_YOUR TASK_: Return the listing exactly as it appears, but strip out the images.

_DATA FOR THIS TASK_:

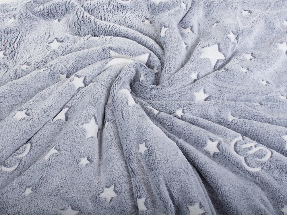 Dwustronny koc fluorescencyjny - Szary w gwiazdki - Pranie w pralce -
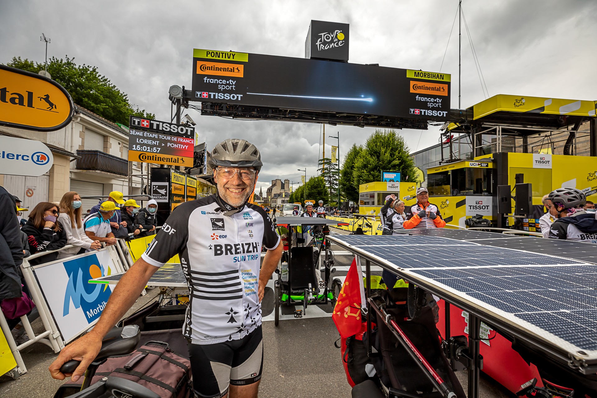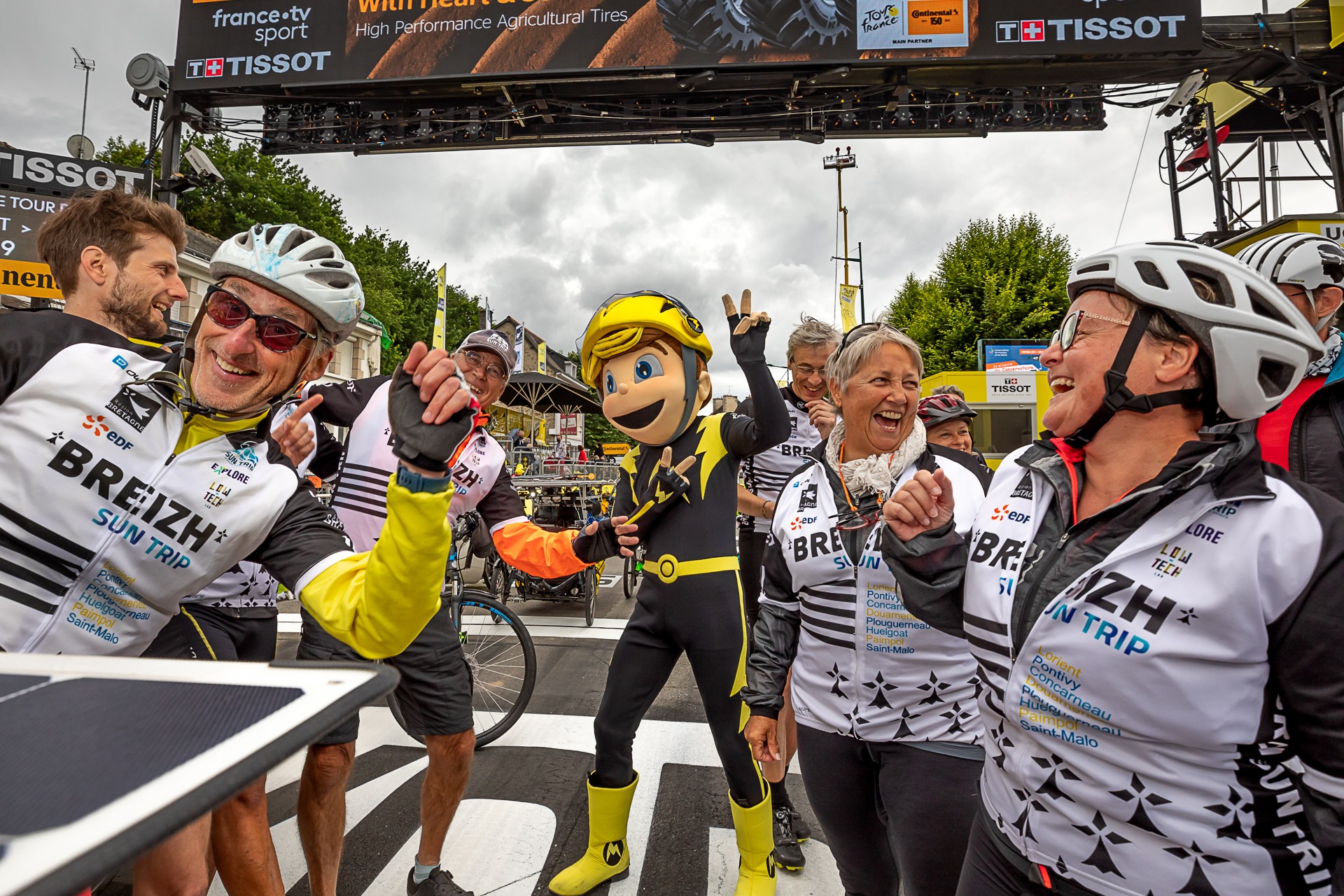 Une journée dans la légende pour le groupe du Breizh Sun Trip, sur la route du Tour de France ! Après un départ au bord de mer, le groupe prenait la direction du centre de la Bretagne, en roulant sur les 30 derniers kilomètres de l’étape du Tour à Pontivy !
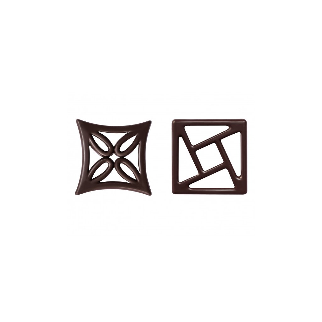 Čokoládové filigrány různých tvarů - Harmony set z hořké čokolády (obsah kakaové sušiny min 56%). Sada obsahuje 2 různé tvary (ornamenty). Vhodné především na zdobení cukrářských dezertů, slavnostních dortů, zmrzlinových pohárů a palačinek.
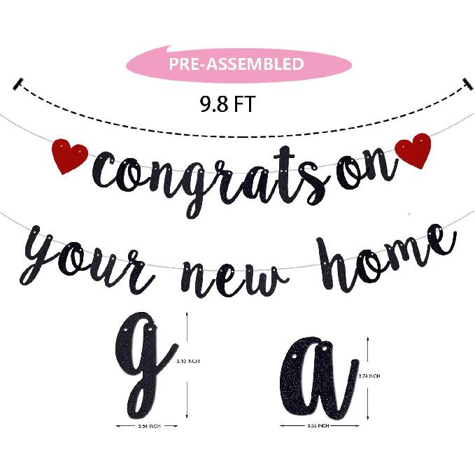 New Home New Chapter Banner, Pre-strung Congrats On Your New Home Banner, Black Glitter Housewarming Party Decorations, Home Decor
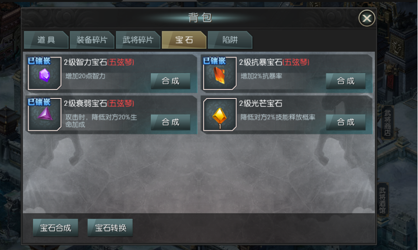宝石:优先(技能释放属性宝石,攻击宝石,元素宝石,暴击宝石)输出武将的技能一定要每个回合都能释放。
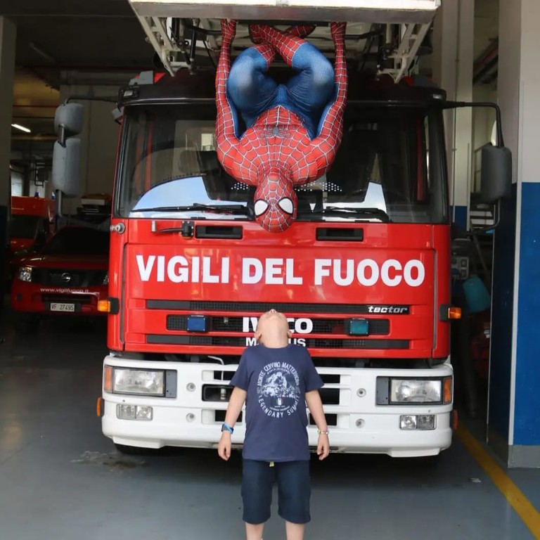 "Quel giorno in ospedale mi dicesti che uno dei tuoi più grandi sogni era quello di diventare da grande un vigile del fuoco e dunque eccoci qua - ha aggiunto il popolare super eroe - Devo essere sincero, questa volta io ho fatto poco perché il grande lavoro è stato fatto da questi ragazzi che volontariamente hanno organizzato una giornata magnifica. Siamo andati sull'autoscala e abbiamo raggiunto i trenta metri toccando il tetto del castello, abbiamo visto come gestire una bombola di gas in fiamme e come spegnere il fuoco con la manichetta antincendio. Ti abbiamo nascosto e fatto trovare dai magnifici cani da ricerca che ci hanno dimostrato l'utilità e la bellezza del loro lavoro,abbiamo guidato il drone, visitato il museo e alla fine del percorso ci hanno fatto trovare una gustosissima merenda".

_OUTPUT OF THE TASK_:
 Dwustronny koc fluorescencyjny - Szary w gwiazdki - Pranie w pralce -
 Une journée dans la légende pour le groupe du Breizh Sun Trip, sur la route du Tour de France ! Après un départ au bord de mer, le groupe prenait la direction du centre de la Bretagne, en roulant sur les 30 derniers kilomètres de l’étape du Tour à Pontivy !
 Čokoládové filigrány různých tvarů - Harmony set z hořké čokolády (obsah kakaové sušiny min 56%). Sada obsahuje 2 různé tvary (ornamenty). Vhodné především na zdobení cukrářských dezertů, slavnostních dortů, zmrzlinových pohárů a palačinek.
 New Home New Chapter Banner, Pre-strung Congrats On Your New Home Banner, Black Glitter Housewarming Party Decorations, Home Decor
宝石:优先(技能释放属性宝石,攻击宝石,元素宝石,暴击宝石)输出武将的技能一定要每个回合都能释放。
 "Quel giorno in ospedale mi dicesti che uno dei tuoi più grandi sogni era quello di diventare da grande un vigile del fuoco e dunque eccoci qua - ha aggiunto il popolare super eroe - Devo essere sincero, questa volta io ho fatto poco perché il grande lavoro è stato fatto da questi ragazzi che volontariamente hanno organizzato una giornata magnifica. Siamo andati sull'autoscala e abbiamo raggiunto i trenta metri toccando il tetto del castello, abbiamo visto come gestire una bombola di gas in fiamme e come spegnere il fuoco con la manichetta antincendio. Ti abbiamo nascosto e fatto trovare dai magnifici cani da ricerca che ci hanno dimostrato l'utilità e la bellezza del loro lavoro,abbiamo guidato il drone, visitato il museo e alla fine del percorso ci hanno fatto trovare una gustosissima merenda".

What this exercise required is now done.